Hanson is right. Who do you think is really responsible for the legions of ragged students begging for crusts of bread in Cambridge and Berkeley? Starbucks, that's who.

But these warnings have a way of getting lost amid the sweet aromas emanating from university-owned espresso shops inside nearly every major building on campus. The university began a major espresso expansion in 1997, after a survey found that coffee was far and away the favorite on-campus "food."...

It's a sad tale, but true. The thrifty young student comes to campus in pursuit of knowledge, only be to led astray by casual sex, recreational drugs and the sweet aromas of the roasted coffee bean.
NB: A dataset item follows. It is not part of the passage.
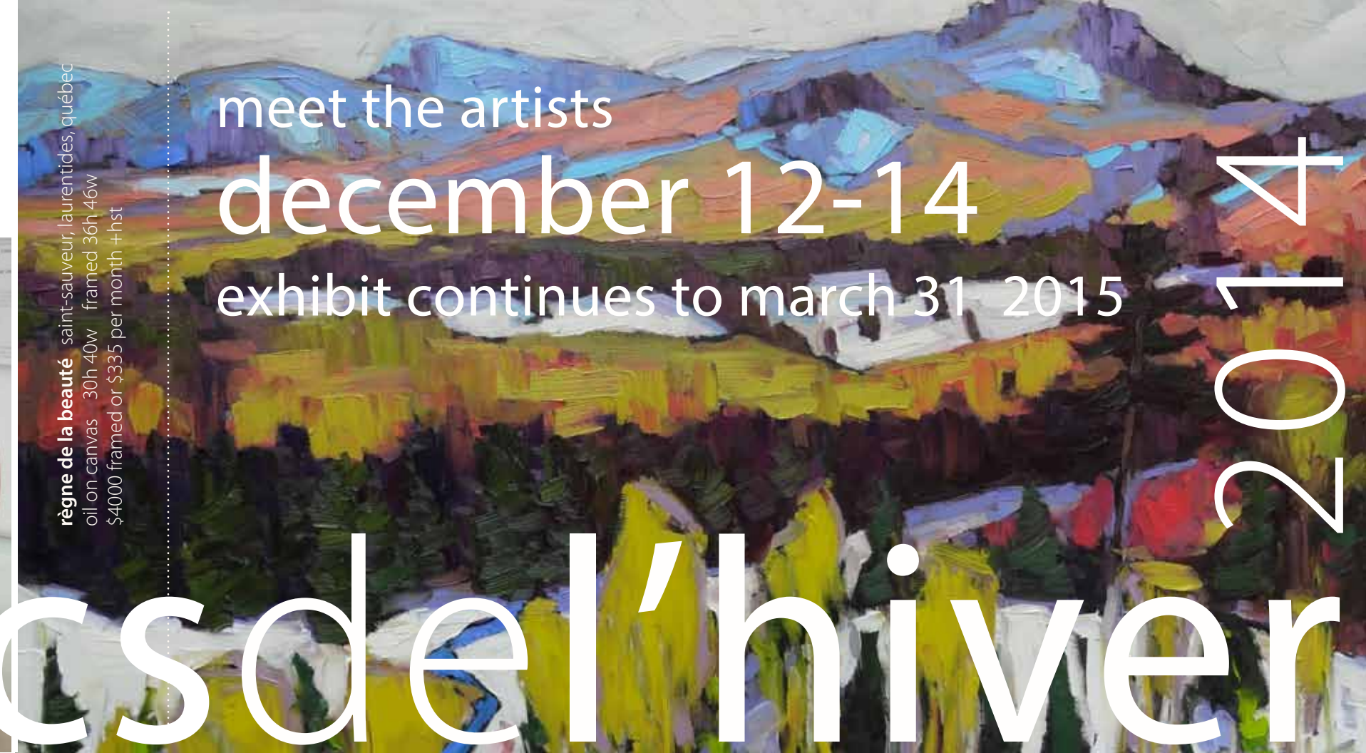
régne de la beauté saint-sauveur, laurentides, québec oil on canvas 30h 40w framed 36h 46w $4000 framed or $335 per month +hst

gift ideas weekend stay at artist's b&b in laurentians – one-day coaching painting session $450 – art retreat – 10-pack artist cards $30 – colours of canada book $100 – gift certificate – jewellery by dawn paterson

At Seattle University School of Law, Lim concedes the futility of persuading students to stop spending borrowed money on high-priced coffee. Still, she refuses to give up. The consequences of latte-larded law school debts are worrisome for the legal profession, she said, insidiously tilting career paths toward jobs that pay more but satisfy less.

Thank God for the lonely crusaders like Erika Lim. Sure, everyone thought that the abolitionists were crazy in the 1830s and 1840s. But just as their persistence ended our enslavement to King Cotton, crusaders like Lim will liberate us from King Coffee.

"The amount of money you owe directly affects the professional choices you have," she said.

Debt-panicked law school graduates, she said, tend to run away from low-paying jobs such as public defender (about $45,000 a year) and into the more remunerative arms of corporate law.

Lim, by the way, is not a latte drinker, unless someone else pays.

Just like me. I don't frequent prostitutes unless someone else pays them. As for the lack of public defenders, I assure you with total confidence that it has absolutely nothing to do with the rising cost of tuition at America's law schools.

In closing, all I can say is: Students of the world unite! You have nothing to lose but your chain-stores!